Translating with Translationese
The idea of the two-step approach is simple, whereby a dictionary is used to turn an input sentence into a “translationese”, a pseudo translation, and then an MT engine is trained with parallel data where the source side is also converted to translationese. For the dictionary, rather than using existing ones, Pourdamghani et al. (2019) decided to use automatically built dictionaries, following the approach proposed by Lample et al. (2018). A word-by-word translation is then performed using the automatically built dictionaries to turn input sentences into translationese.

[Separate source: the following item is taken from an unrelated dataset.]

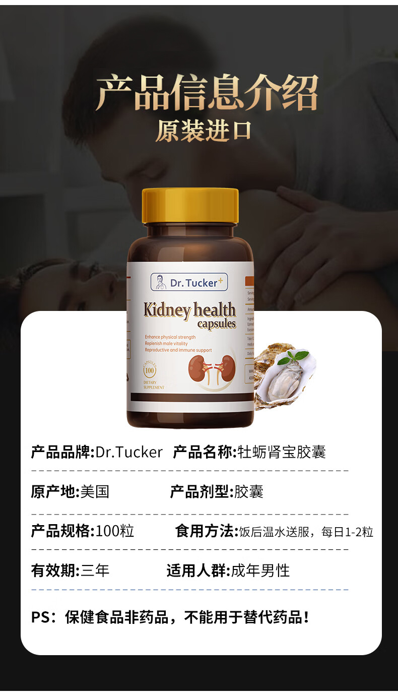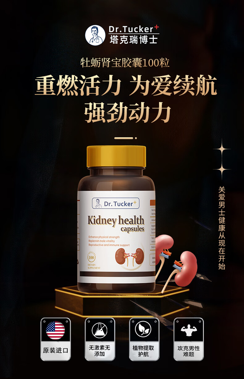 【进博会特邀】DR.TUCKER 塔克瑞博士 原装进口肾宝男性保健胶囊牡蛎肽 重燃活力 为爱续航 男性保健100粒(牡蛎肽)

The MT engine itself is a transformer model trained with parallel data which came from a diverse set of high-resource language pairs, where the source sides of these language pairs are replaced by translationese (from word-by-word translation via automatically built dictionaries). Therefore, there is only one model to translate all the translationese “sentences” into the target language. Table 1. Translation results (in terms of BLEU scores) on Czech (cs), Spanish (es), Finnish (fi), Dutch (nl), Bulgarian (bg), Danish (da), Indonesian (id), Polish (pl), Portuguese (pt), and Catalan (ca). Excerpted from Pourdamghani et al. (2019).
Experiments and Results
The table shows the BLEU scores of the translationese and the resulting translation on ten language pairs. Pourdamghani et al. (2019) also show that the MT engine in general performed better on high-resource language pairs, e.g. French-to-English, and Russian-to-English. The benefits the approach brought about are:1) using pseudo-translation (translationese) to minimize the complexity MT engines need to learn from the source language, and
2) training a single model to translate from translationese (which are automatically turned from various source languages) to the target.
Therefore, the MT engine itself can focus on learning to translate from translationese (a “kind” of target language) to the target language.